Holes drilled and the radiator support in (the wrong) place

Next step, a more difficult one.  In fine Bonehead Wrenching style, I drilled some holes for MIG fill welds and merrily (and cluelessly) welded the radiator support to the new valance top.  Fortunately, after only completing three of the fill-welds, it occurred to me to check the alignment with the rest of Alphie’s snoz…  It was shifted about ¾ of inch to the left, or was it the right?

Radiator support corner graft

Carefully I ground out the fill-welds and straighten everything, again.  I am becoming quite adept at undoing welds, a valuable skill in the restoration hobby.  Here’s the catch: if the valance is off, the fender edges below and outside of the headlights will not match up, which in turn makes the edges of the chin not match the edges of the fenders or the fender lips.  In short, a mistake here will cascade.  So how can I be sure it’s all lined up?


Vice-Grip the old valance top to the new and align the radiator support with the old piece and clamp it to the new piece.  Ta da, the same alignment of the original piece.  I was quite proud and smug.  Eventually, I will learn that proud and smug is a warning…

With the radiator support clamped in “perfect alignment” (more later), I happily welded it in place.  And welded it I did.  I got it too hot and warped it.  I stretched and banged it back into shape, but it was work that could have been prevented, and it didn’t help with the alignment situation.  After a quick etch primer spray, I gathered all my open-jawed Vice-Grips and set to clamping.  A bend here and there and the valance top piece seemed to fit nicely.

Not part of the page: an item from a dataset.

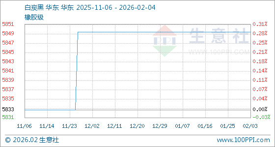 2月4日,生意社白炭黑基准价为5850.00元/吨,与本月初持平。
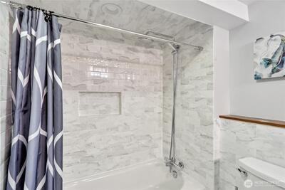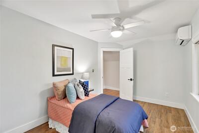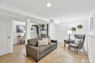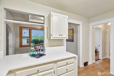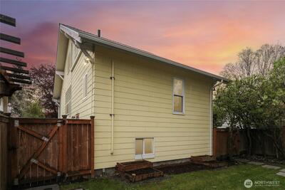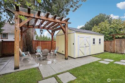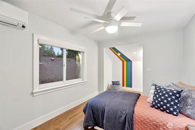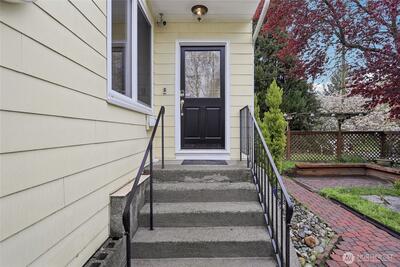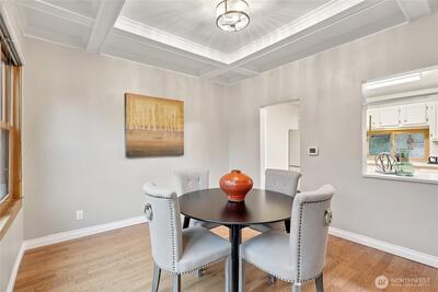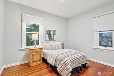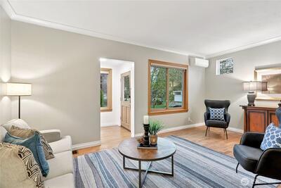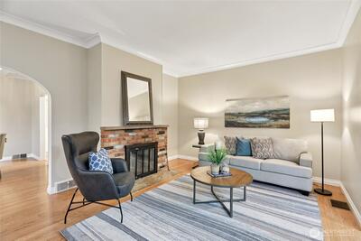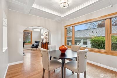 Welcome to this beautifully updated Green Lake Craftsman, where timeless architecture meets thoughtful modern upgrades. Bathed in natural light, this home showcases classic period details, including soaring 11-foot ceilings, elegant archways, rich hardwood floors, and stunning box beam ceilings that anchor the formal dining room with warmth and character. The main level offers a seamless blend of old and new, featuring an open, inviting kitchen with stainless steel appliances, updated countertops, and ample workspace—perfect for both everyday living and entertaining. Bathrooms have been tastefully renovated with quality finishes, while the remodeled lower level provides flexible living space ideal for a media room, home office, or guest accommodations. Major system updates include a new roof, energy-efficient triple-pane windows, and a new mini-split HVAC system for efficient year-round comfort. Enjoy peek-a-boo mountain views and step outside to a private backyard retreat featuring

All clamped up but about 3/4 inch off


Upper valance clamped in

Next day, genioplasty.  The chin suffers rust-through with dents and abrasions from some rough moments.  Start by repairing the tears around the crank-start hole.  (One of the cool things about Alpines is that you can start it like a Model T with a crank.  Someday, in a crowded parking lot, I’m going to crank-start it just for the reaction.)  The plan is to fix the rips and worry about pounding on the dents when it’s back on Alphie’s face.

Chin clamped to the upper valance

The metal is thin, so I lowered the voltage on the MIG and used short bursts.  I spotted the end of the cracks to prevent further cracking, then stitched up the remainder of the cracks.  I also found cracks around the license plate captured nuts and along the lower edges.  The drivers side edge, just below the fender opening was rusted through and didn’t complete the line of the chin.  It needed a graft.  Per SOP, I cut out the rusty stuff, and using the passenger’s side as a guide, made a file folder template that replaced the rusty chunk and regained the original line of the chin edge.  The pictures will help you see what I’m talking about.

Chin and valance, driver's side


With welding there is grinding.  I used the flap disk to not remove too much metal and because I was just taking off the sharp edges and looking for holes in the welds.  I will smooth everything to a factory finish during the body work stage once everything is in place.

Soooo I clamped everything, valance top and chin, to Alphie’s snoz to check the alignment.  The whole kit is about ¾ inches off on each side.  The radiator support is skewed to one side by ¾ of an inch! 




Driver's side sticks out about a smidge!

Passenger side, inset about a smidge
With some judicious bending of the radiator support, I should be able to move the driver's side in a smidge and the passenger's side out a smidge...  Yeah, no sweat, like I planned the whole thing.

Next page:  Mating the Organ Donor's rehabilitated snoz onto Alphie's front end.  Lots of fiddling to come!















Some Update Pics

The Valance and Chin have become one!  HF 240 volt Spot Welder!

Close up of passenger side.  Most of the dents and crinkles are out,
but far from finished.

Driver's side - the fit is better but not there yet.